■ Stored data
------------------------

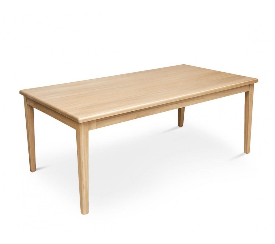 Stôl je vyrobený z dreva mindi, ktoré je v nábytkárstve obľúbené kvôli svojej vysokej pevnosti a odolnosti. Povrch je upravený na príjemnú svetlú hnedú farbu, pripomínajúcu severský dub. Naturálny vizuál zdôrazňuje aj viditeľná jemná kresba letokruhov.
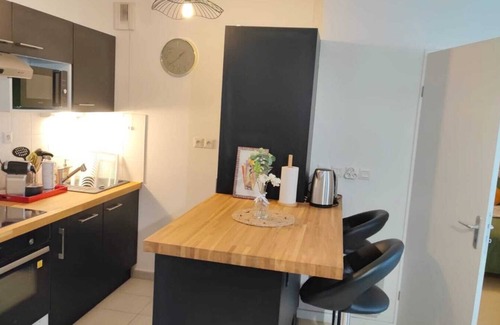 The 1BR apartment has a living room with a comfortable sofa bed for 2 people, a designer bedroom with a cozy double bed for 2 people, and a fully equipped American kitchen with everything you need. for your delicious little dishes, a bathroom with bath and bath towels, a toilet, a balcony offering a beautiful view, and access to the collective swimming pool of the residence, in short everything you need you to have a 5-star stay. In addition, you have the possibility to do your laundry directly in the apartment. So no more excuses and questions before finalizing your reservation. :)
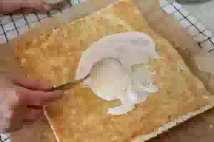 9. Пока корж будет остывать, приготовьте крем. У меня был десертный крем из рикотты со сгущенкой и взбитыми сливками. Подробный рецепт смотрите здесь. Когда рулет остынет, аккуратно его развернуть, удаляя бумагу. Обрезать неровные края, если есть такая необходимость. Смазать корж кремом, равномерно распределяя его ложкой или лопаткой.
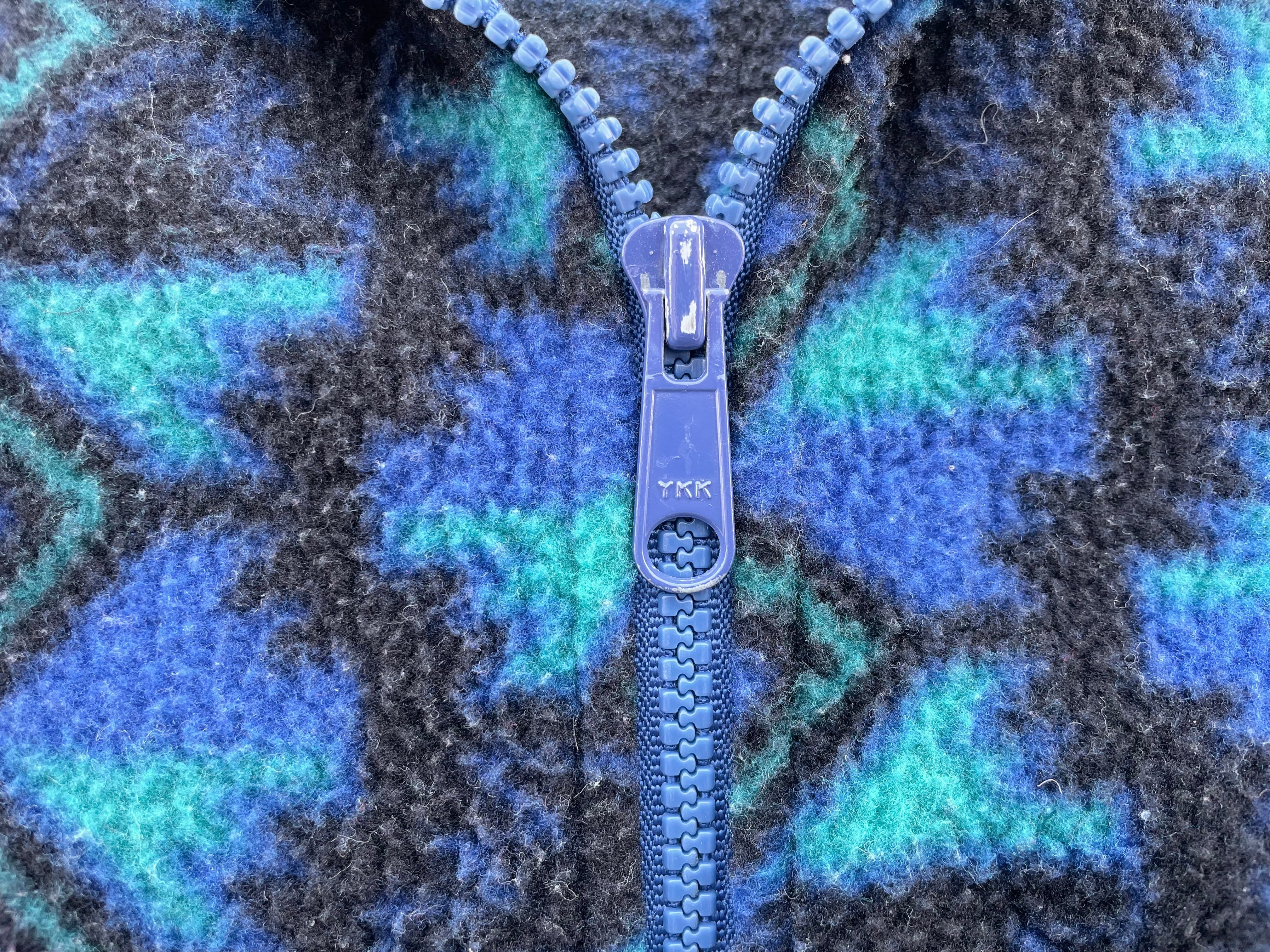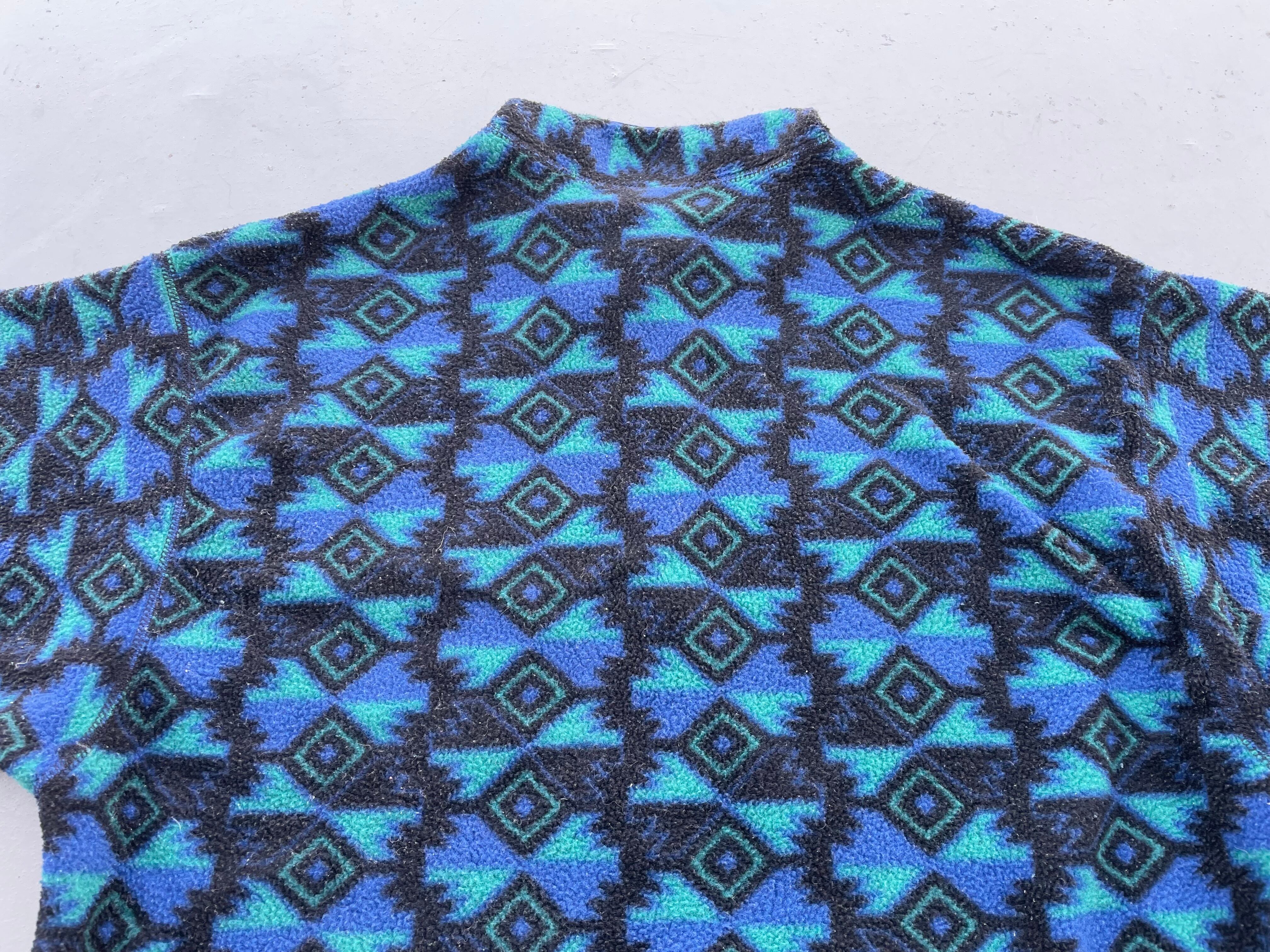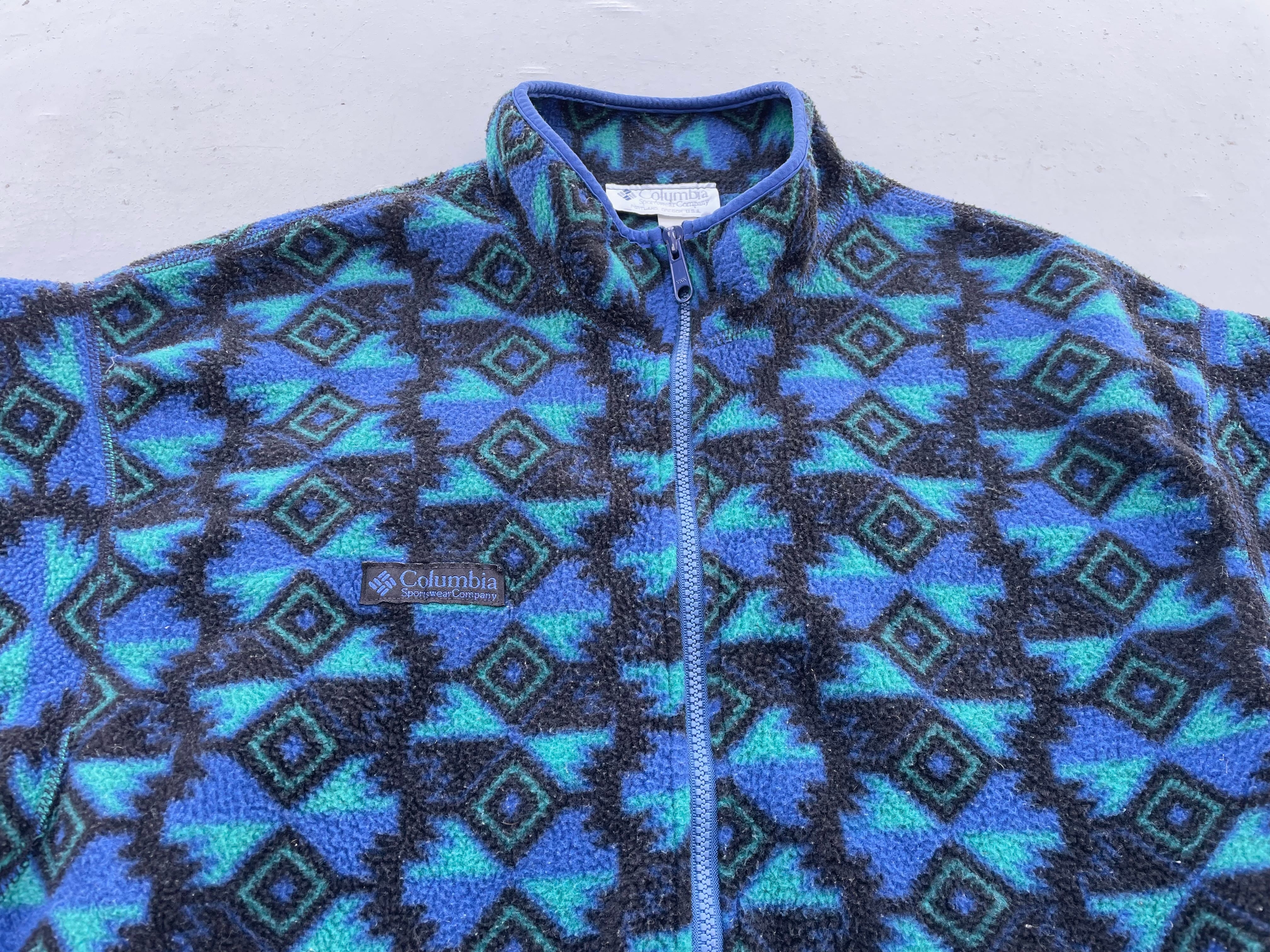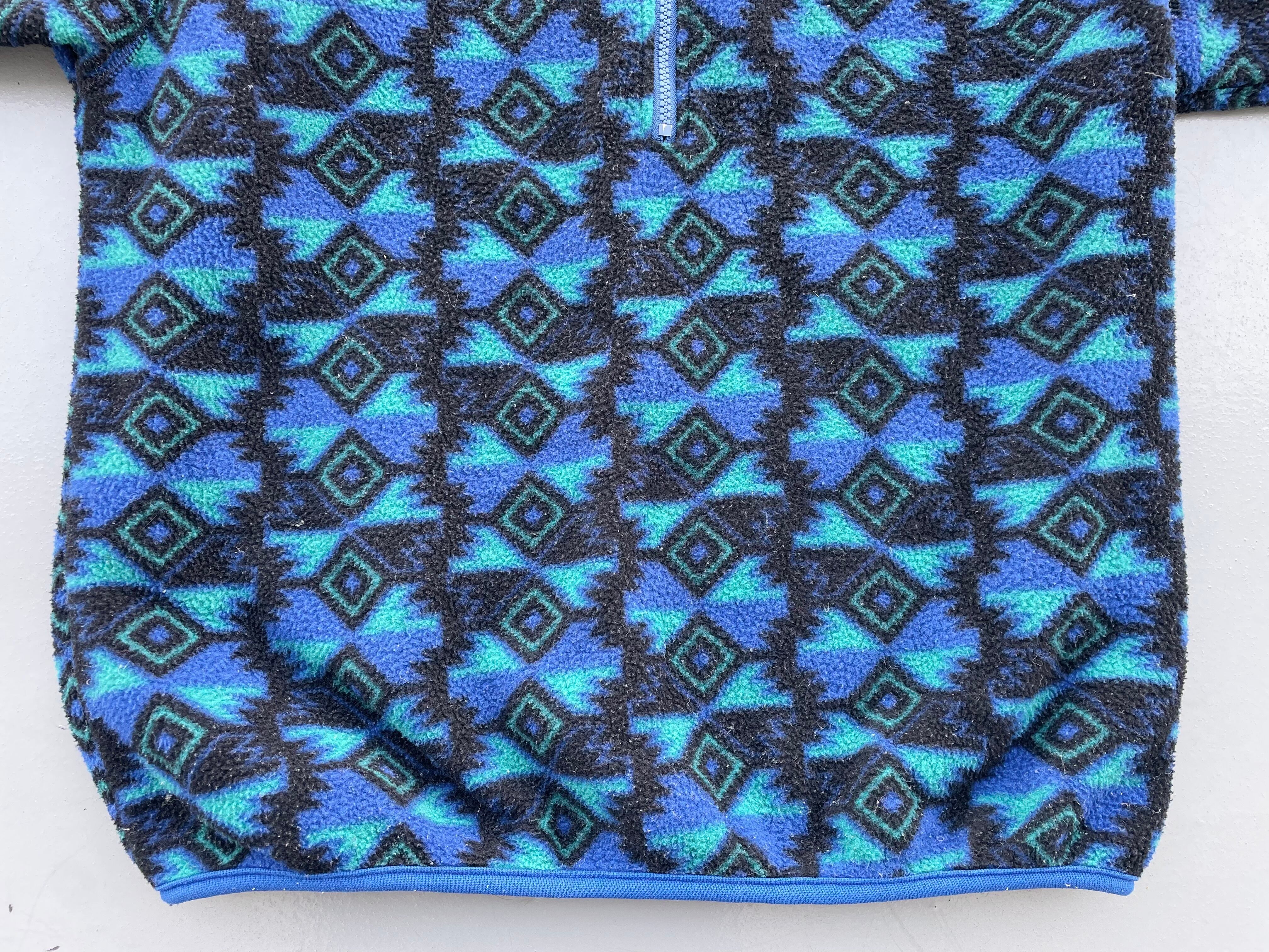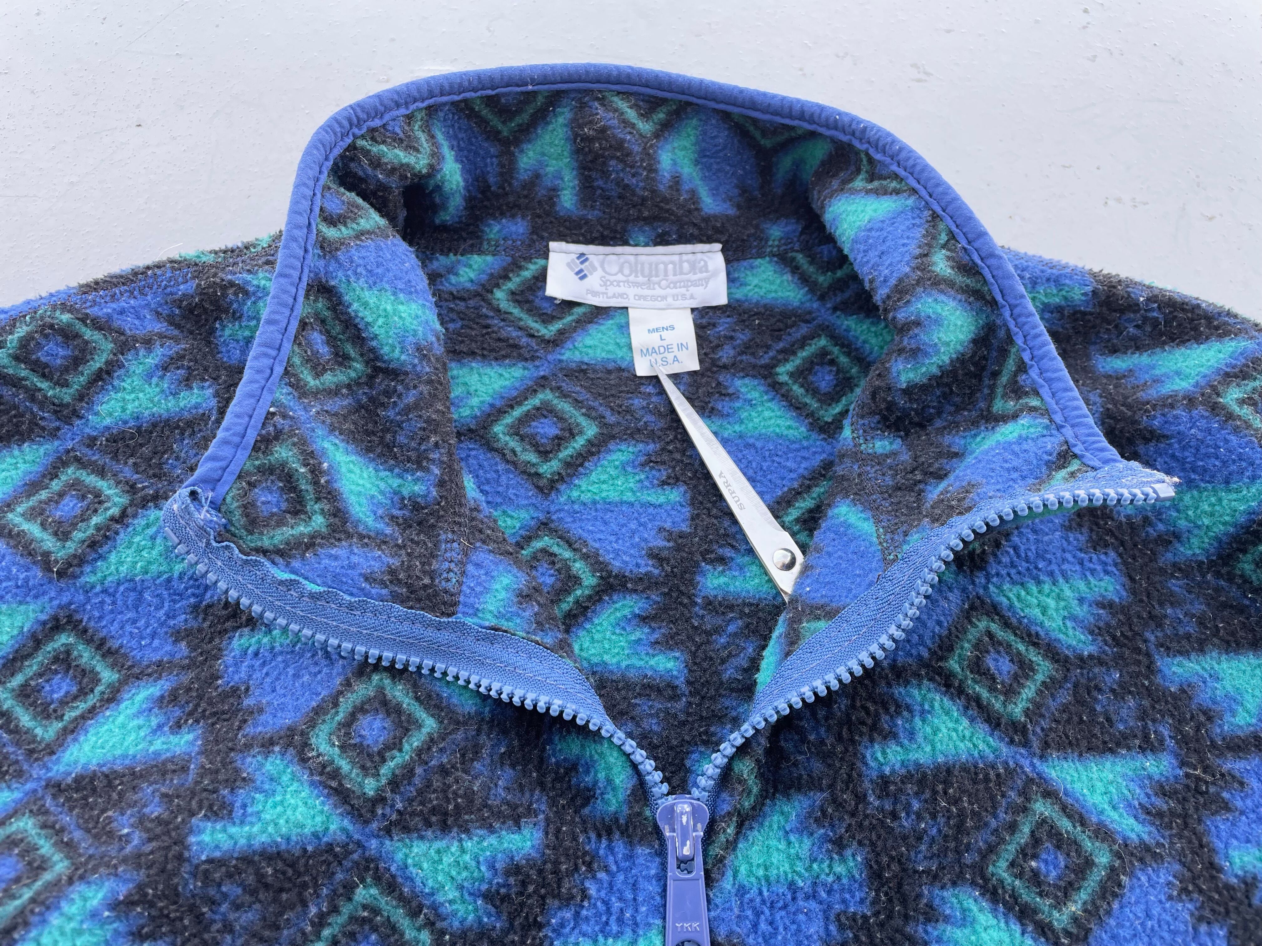 【商品詳細】コロンビアのプルオーバーハーフジップフリースシャツ。サイズはL。カラーはブルーベースの総柄パターン。90年代USA製。全面にブルズアイ模様がプリントされた尖ったデザインの一着。カラーも独特で個性強めの一着。サイズも大きめで良い調子です。

------------------------

■ Work instructions
Only the lines from the one containing "9. Пока корж" through the end of the data above are to be output, exactly and without pictures.

■ Task solution
 9. Пока корж будет остывать, приготовьте крем. У меня был десертный крем из рикотты со сгущенкой и взбитыми сливками. Подробный рецепт смотрите здесь. Когда рулет остынет, аккуратно его развернуть, удаляя бумагу. Обрезать неровные края, если есть такая необходимость. Смазать корж кремом, равномерно распределяя его ложкой или лопаткой.
 【商品詳細】コロンビアのプルオーバーハーフジップフリースシャツ。サイズはL。カラーはブルーベースの総柄パターン。90年代USA製。全面にブルズアイ模様がプリントされた尖ったデザインの一着。カラーも独特で個性強めの一着。サイズも大きめで良い調子です。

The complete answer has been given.